Absolutely Brother. Merging two PD's is a whole new adventure. I personally think it would work. You have to have the right leadership which both these two particular PD's have. It could set the presedent in Franklin County. I'll be watching closely.
Be safe.


----------



## MVS (Jul 2, 2003)

How well do these two PD's work together now? good relations?


----------



## MCOA41 (Sep 5, 2002)

We are forgetting one thing. The Unions. I do not remember if Leverett PD is unionized but I recall back in the days of Chief Maxwell that Shutesbury is part of the Teamsters Union.

I would think if the PO's and Unions do not want it it will not happen. 

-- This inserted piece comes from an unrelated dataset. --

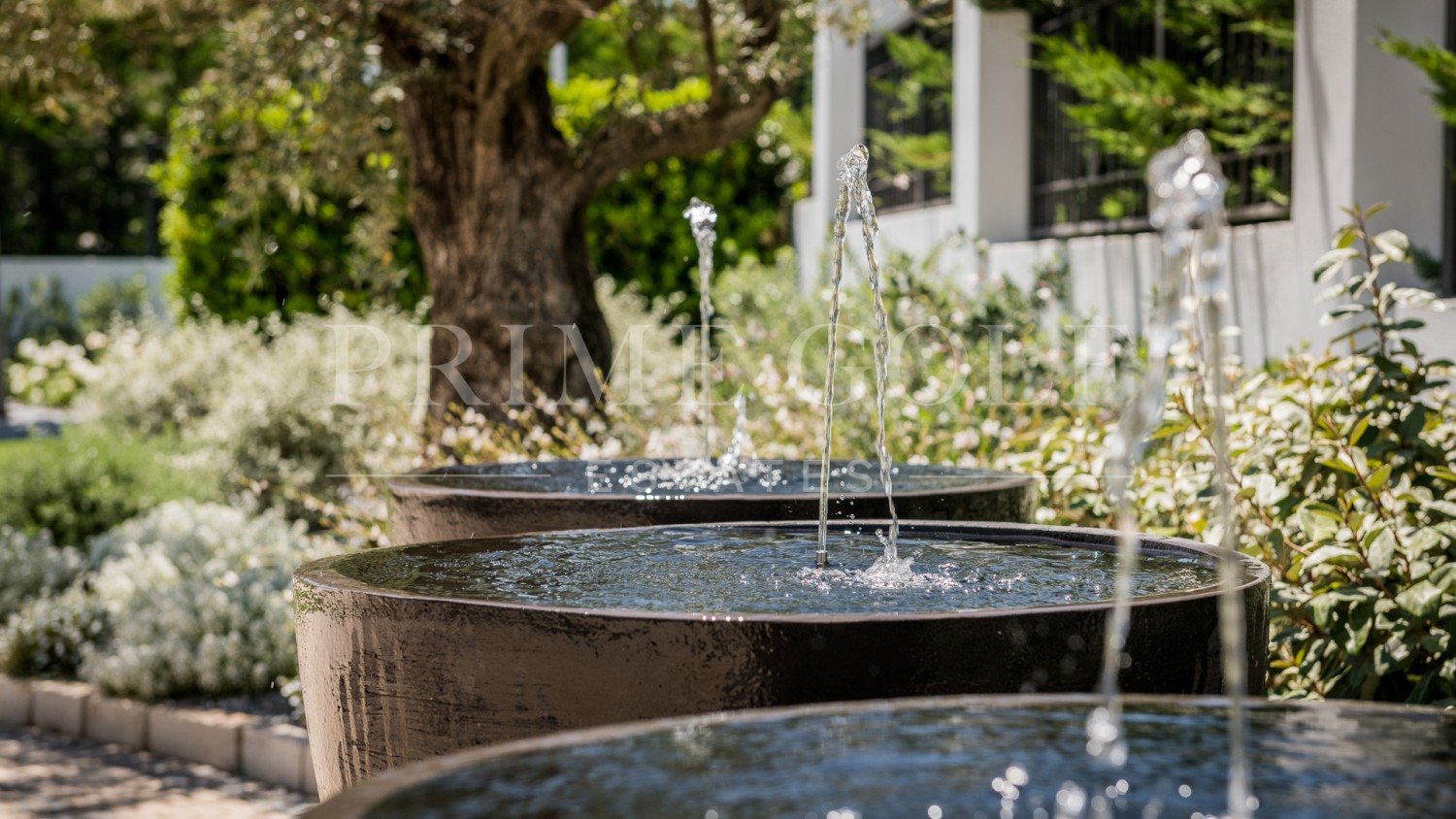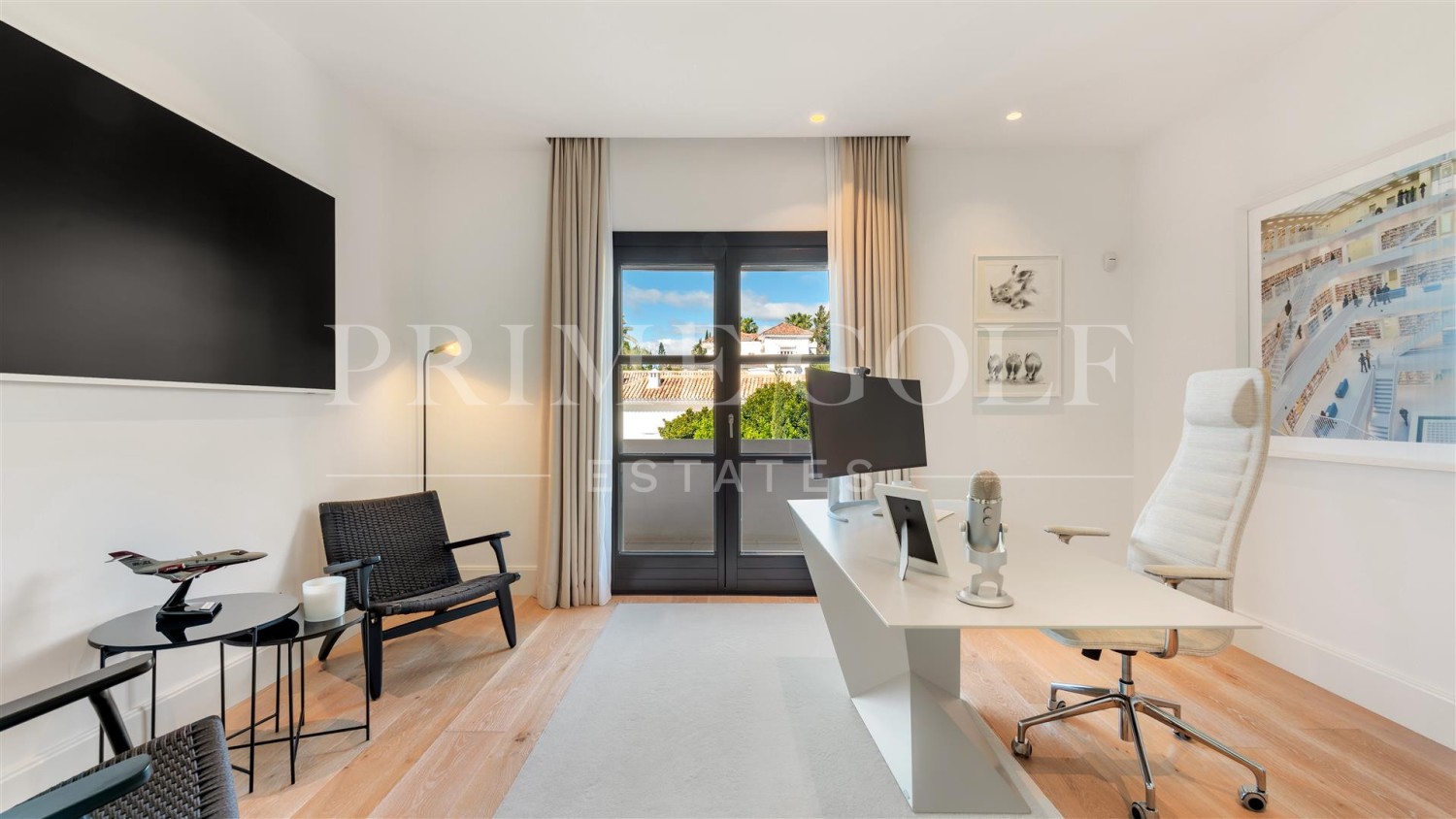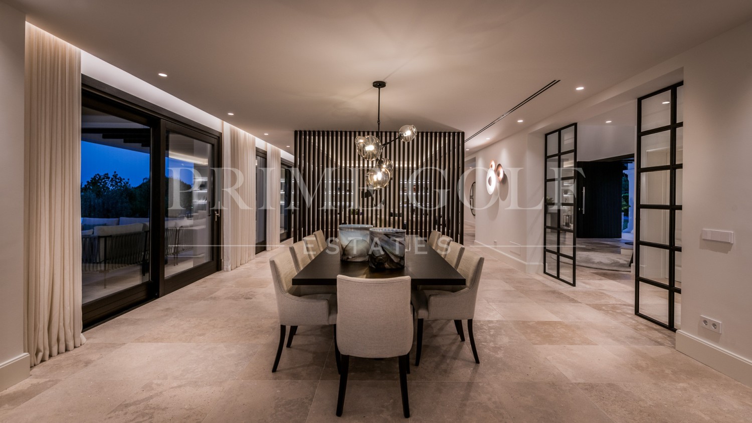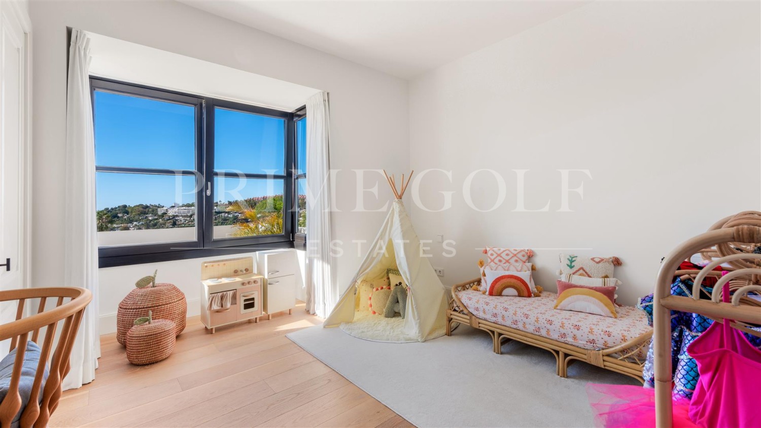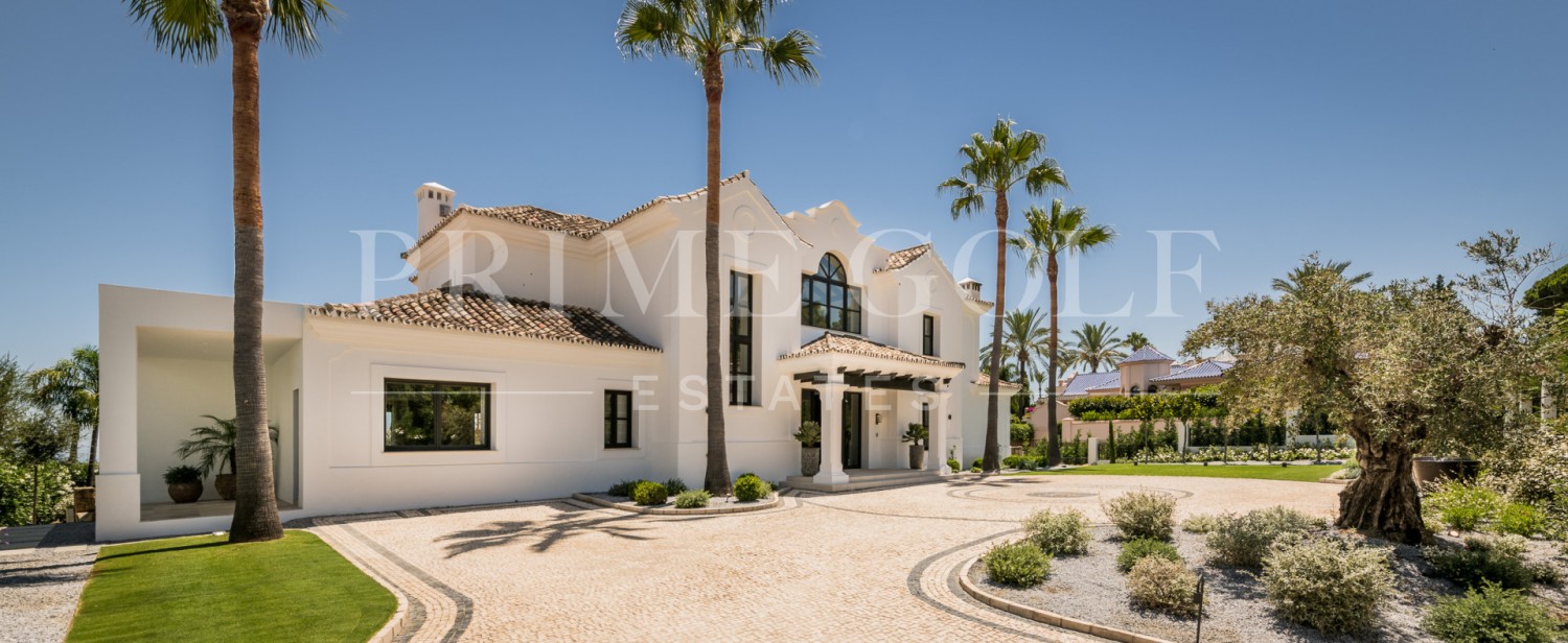 A timeless, beautiful property for sale in the prestigious community of La Cerquilla, Nueva Andalucia. Recently completely reformed to a very high standard, this stunning property is situated on the top street of La Cerquilla. It commands panoramic views over the golf valley towards the sea. The property is over 1,000m2, built over 3 levels, and sits on a plot of nearly 3,000m2, making it one of the largest villas available in La Cerquilla. An impressive entrance courtyard with room for several cars leads to a spacious entrance with a double-height ceiling and remarkable views of the sea. The hall leads directly into a spacious living room with fantastic sea views, a dining area that faces the sea, and a large open-plan kitchen with an adjacent TV / family room. These rooms overlook the sea and lead directly to the main covered terrace with an in-built barbecue and room for outside dining and lounging. Also on this level are 3 double bedrooms with en suite bathrooms and private dressing areas; one guest bedroom faces the garden, whilst the other two face the sea with private outdoor terraces.

I do recall a certain Sheriff in Franklin County offering to put his DS through the academy and have them patrol the smaller communities in Franklin County but Greenfield and Montague had a hissy fit so the Sheriff backed away from that idea.


----------



## copcar65 (Aug 16, 2004)

This issue has come up frequently with the towns of Hamilton and Wenham up on the northshore. They currently share dispatch. Check out Hamilton's website. I think there is a copy of a consultant's report that outlined all of the costs involved in merging the 2 departments. I found it very good reading. What usually starts off as an attempt to save money (I'm guessing in this case there is a vacant chief's job and if they merge the dept they won't have to fill it) winds up costing a lot more. Often time's it is the selectment that don't want to give up the control over their own dept.
This has worked with fire districts so it could probably work with police. Jurisdiction is simply a matter of legislation. I think Berlin and Marlborough created a police district so officer's of both towns have jurisdiction at the mall that is in both towns.
Could be interesting!!! Keep everyone updated.


----------



## HousingCop (May 14, 2004)

Here is a picture of a badge I took off of Ebay a couple years back. I can only surmise it is from SOMerville - MEDford. Either this guy was a Special in both towns or he was associated with Tufts University which straddles both towns. Any thoughts?


----------



## jo (Sep 27, 2004)

It would only make sence if all Franklin County Police departments merged together. It would be better for publice safety and officer safety. Officers would be able to share information at shift change and on in house computers. This would solve more crimes in the county and better serve the public. Now being part of a larger police department, officers would be able to enter into special units, ie detective, drug, k9 and so on. It would end jurisdiction problems. Towns that now have limited man power and equipment would now have it at their fingertips. But dream on folks. Small town chiefs want to control their sand box and select boards want to control their chiefs. What would be better for the officers and public as a whole does not really matter.


----------



## DoD102 (Sep 9, 2004)

Agreed jo. And yes a few years back Sheriff McDonald wanted to put his SD's on patrol. He has a large number of qualified guys/girls up there on the hill who could do the job. But, as you stated, Montague and Greenfield, as well as Erving and a couple smaller towns had a little hissie fit.  The Chiefs were afraid that they'd be out of a job because especially in the case of Erving, the SD would do a better job. Even today when we call for a cruiser it takes 40-45 minutes to get one, if at all. I don't see that happening with the SD. If it's set up correctly, which I believe McDonald could do.


----------